Maar de opmars van Joplin begon enkele jaren daarvoor, toen hij officieel herontdekt werd door musicoloog, pianist en dirigent Joshua Rifkin, momenteel professor of Music in Boston. In november 1970 bracht Rifkin bij het strikt klassieke platenlabel Nonesuch een album uit met de titel “Scott Joplin: Piano Rags”. Voor de eerste keer verkocht het label meer dan een miljoen exemplaren van een plaat: een verbijsterend commercieel succes. In 1972 werd Treemonisha voor het eerst uitgevoerd door de Atlanta Symphony en in 1973 was het Gunther Schuller die de eerste Grammy won met Joplins muziek: “Scott Joplin: The Red Back Book”. Hamlich leende weer een aantal van Schuller’s orkestraties van Joplins zogenaamde “Standard High-Class Rags” (1912) voor de filmmuziek van The Sting. En zo was de voedingsbodem gezaaid voor het jaren 70 succes van deze opera van Scott Joplin.

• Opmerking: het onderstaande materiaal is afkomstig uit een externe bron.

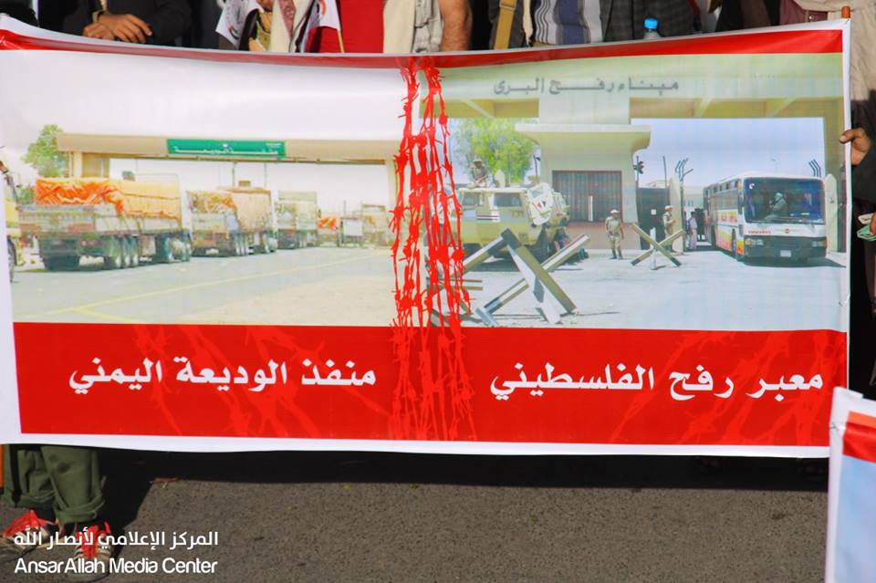 وخلال المسيرة أكد رئيس اللجنة الثورية العليا محمد علي الحوثي وقوف أبناء اليمن إلى جانب الشعب الفلسطيني إزاء ما يتعرض له من عدوان وإنتهاكات من قبل الكيان الصهيوني .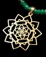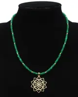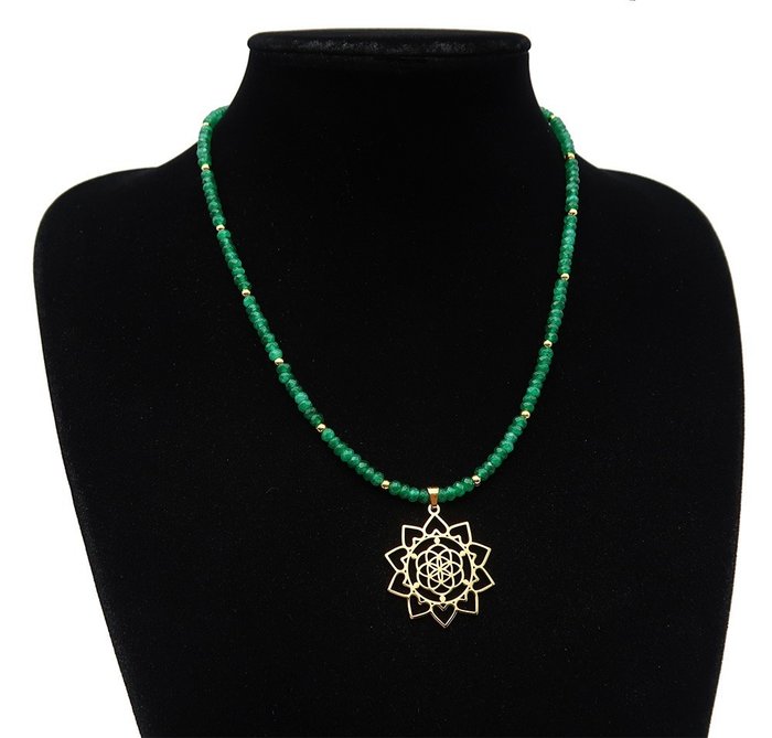 Smaragdgroene ketting versierd met een lotusbloem.

Niet alleen de onverwachte populariteit is opvallend. Het werk an sich is een raadsel op meerdere fronten. Toen de opera gepubliceerd werd in 1911, prees de American Musician and Art Journal het stuk al aan als “…an entirely new form of operatic art.” Saillant detail is dat Treemonisha tijdens Joplins leven nooit de planken heeft gehaald, dat gebeurde pas 60 jaar later. Hoewel het elementen bevat van ‘zwarte’ volksmuziek en -dansen, een soort van pre-blues muziek, spirituals en een kenmerkende ‘call-and-response’ scene, is het allesbehalve een ‘zwarte’ opera. En het is zeker geen ragtime opera, zoals het werk vaak abusievelijk wordt genoemd. De opera is volkomen traditioneel opgezet in de populaire romantische stijl van begin 20e eeuw, met alles erop en eraan: ballet, ouverture, prelude, koren, aria’s en recitatieven.

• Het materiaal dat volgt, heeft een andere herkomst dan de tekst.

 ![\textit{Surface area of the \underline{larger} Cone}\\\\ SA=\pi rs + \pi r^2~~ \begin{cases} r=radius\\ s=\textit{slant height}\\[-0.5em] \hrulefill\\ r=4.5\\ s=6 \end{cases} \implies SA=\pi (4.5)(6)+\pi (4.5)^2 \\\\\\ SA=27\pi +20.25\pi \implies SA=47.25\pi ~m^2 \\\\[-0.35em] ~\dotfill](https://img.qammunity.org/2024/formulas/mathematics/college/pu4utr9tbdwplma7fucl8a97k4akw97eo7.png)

Treemonisha gaat over een voormalige slavengemeenschap in een bos, in de regio waar Joplin opgroeide. De heldin, de 18-jarige Treemonisha, leert lezen van een blanke vrouw en beschermt daarna haar ‘volk’ tegen degenen die misbruik willen maken van hun bijgeloof en hun gebrek aan educatie. Ze wordt ontvoerd en bijna in een wespennest gegooid als haar vriend Remus haar weet te redden. Hierna kiest de gemeenschap haar tot hun leider omdat ze zich realiseren dat kennis hier hun redding is geweest. De pers noemde het in de jaren 70″…a startlingly early voice for modern civil rights causes, notably the importance of education and knowledge to African American advancement.”

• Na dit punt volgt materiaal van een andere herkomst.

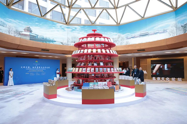 論壇設置圖書展和視頻展。圖書展展臺以天壇為主形象,展示了領袖著作、文化名著、北京主題等多語種圖書。短視頻展播放以文化為主題的世界故事,生動展現最新最美最好的中國形象和首都面貌。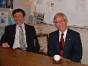 春日市で行われたセミナーの際に筒井先生が白川先生に

Anno 2016 is een discussie gaande over een verontrustende stagnatie in de opera-praktijk. Belangrijke regisseurs en vooraanstaande academici zien de toekomst van de klassieke opera en de regisseurs-opera somber in. Sinds de 19de eeuw hebben klassieke muziek en opera een soort status aparte in Europa, het is kunst voor de kunst, l’art pour l’art, waarin zij geen maatschappelijke functie hoeft te vervullen. Er gaan stemmen op dat hierdoor de opera op termijn de aansluiting met een groot deel van de maatschappij – en daarmee het potentiele publiek – heeft verloren. Misschien heeft Scott Joplin hiervoor met Treemonisha een oplossing gevonden. Het is een echte opera volgens de klassieke regels, maar met een hoog entertainment gehalte door het gebruik van populaire muzikale elementen en een herkenbaar verhaal. Een opmerkelijk staaltje van publieksgericht én maatschappijkritisch componeren, des te verbazingwekkender omdat het is ontstaan in een tijd waarin educatie en culturele bagage vrijwel uitsluitend aan blanken waren voorbehouden. Maar volgens mij is en blijft vooral de aanstekelijke muziek de hoofdoorzaak van de ongekende populariteit. Want waarom zou opera niet ook entertainment mogen zijn? Joplin was zelf “The entertainer”, en zijn lef om een nieuw soort opera proberen te scheppen werd in ieder geval uiteindelijk beloond met een mega-hit.